Blend milk, honey, salt and nutritional yeast. When this cools to lukewarm, add softened yeast, oil and three cups of the flour. Beat until bubbles rise to the surface. Add enough of the remaining flour to make a soft dough that comes away clean from the sides of bowl. Turn dough onto floured surface and let rest ten minutes. Then knead until smooth and elastic. Place in oiled bowl, turning dough over several times to coat with oil. Cover. Let rise again. Divide dough into 3 equal portions. Shape into balls and let stand for five minutes, then mold into loaves. Place in oiled bread pans. Let rise until nearly doubled in bulk, about an hour. Bake about an hour in moderately hot oven.

I always start my fire when I place loaves in bread pans for last rising, which takes about 30 or 40 minutes. This gives the fire time to get "moderately" hot.

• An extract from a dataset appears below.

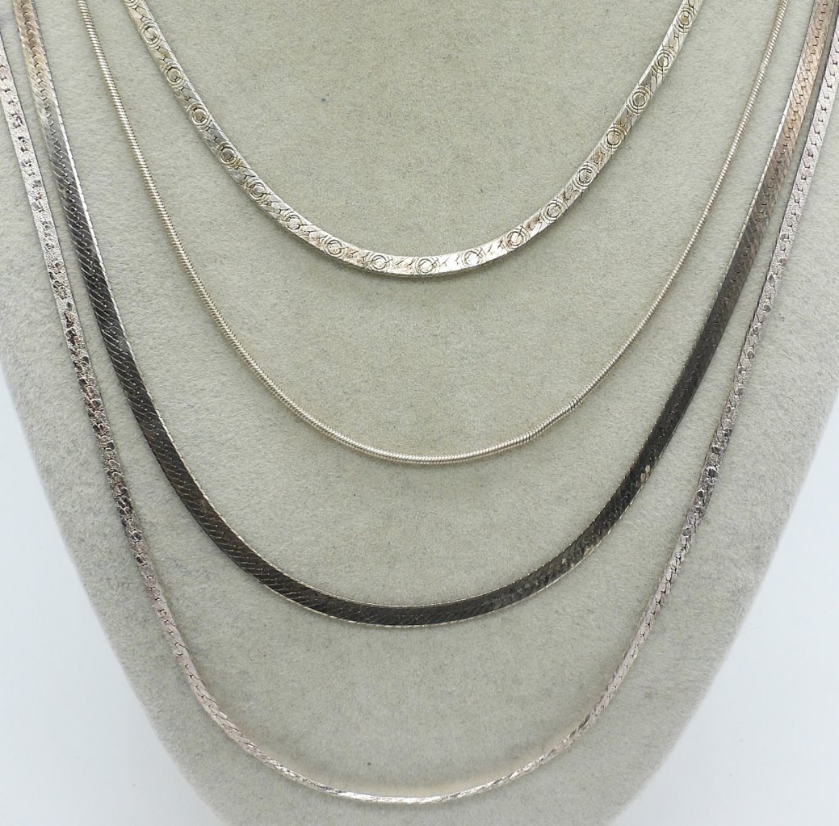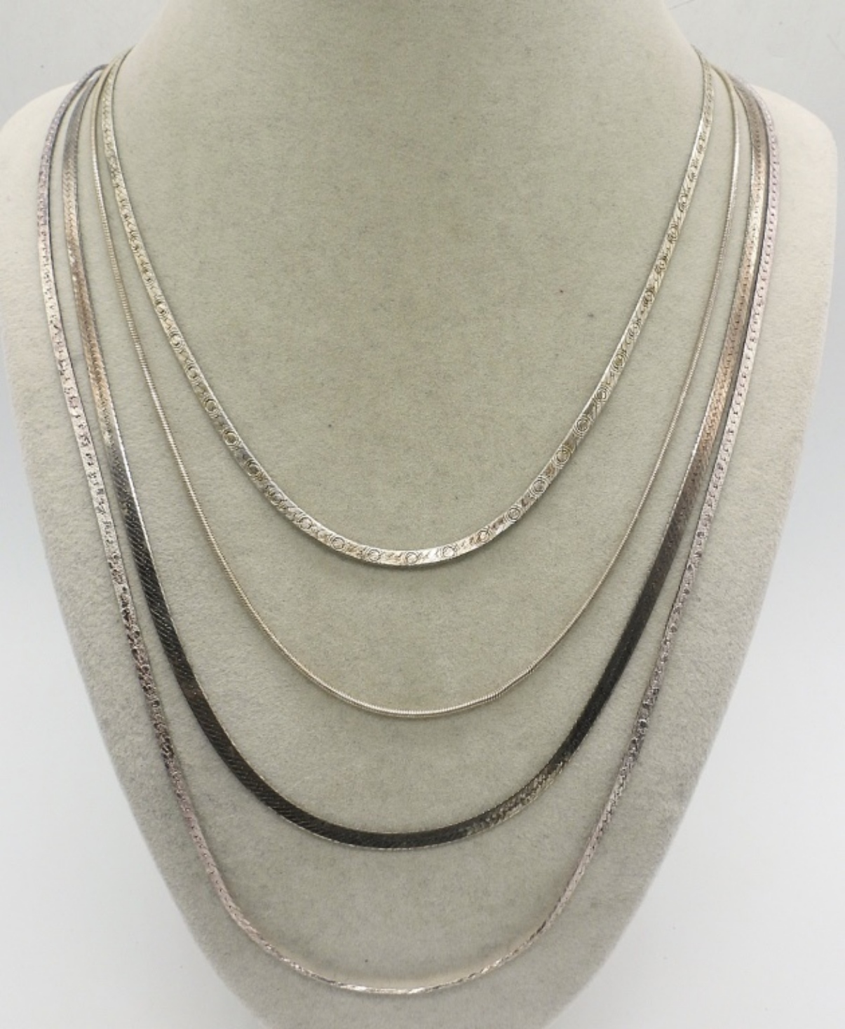 FOUR STERLING CHAINS. 18-30″. (21 DWT)

My oven has a temperature gauge which says simply SLOW—MODERATE—HOT. No numbers for degrees, just those three words. When that needle registers HOT, let me tell you, it is exactly that. I would judge it to be about a thousand degrees in the oven.

So you'll want to "baby" your fire on bread baking day. Sometimes in spite of all I can do, the fire will nearly reach the HOT mark before I can slow 'er down. Then I call upon that modern invention, aluminum foil and make a nice little cap over all three loaves. After that, the old fire can get as hot as it likes while the bread cooks to perfection inside. If I am out of foil, I put a large tray or several lids on top of the loaves after they have crusted over. This is not too desirable, but will do in a tight. Even then, sometimes, I have to leave the oven door ajar.

This doesn't happen too often, but it does happen occasionally. (I like to think of these times as some more of that character-building stuff I mentioned.)

If you place a pan of water on the floor of the oven under the loaves, it seems to give them volume and keeps the temperature easier to control. The bread is delicious and well worth the effort.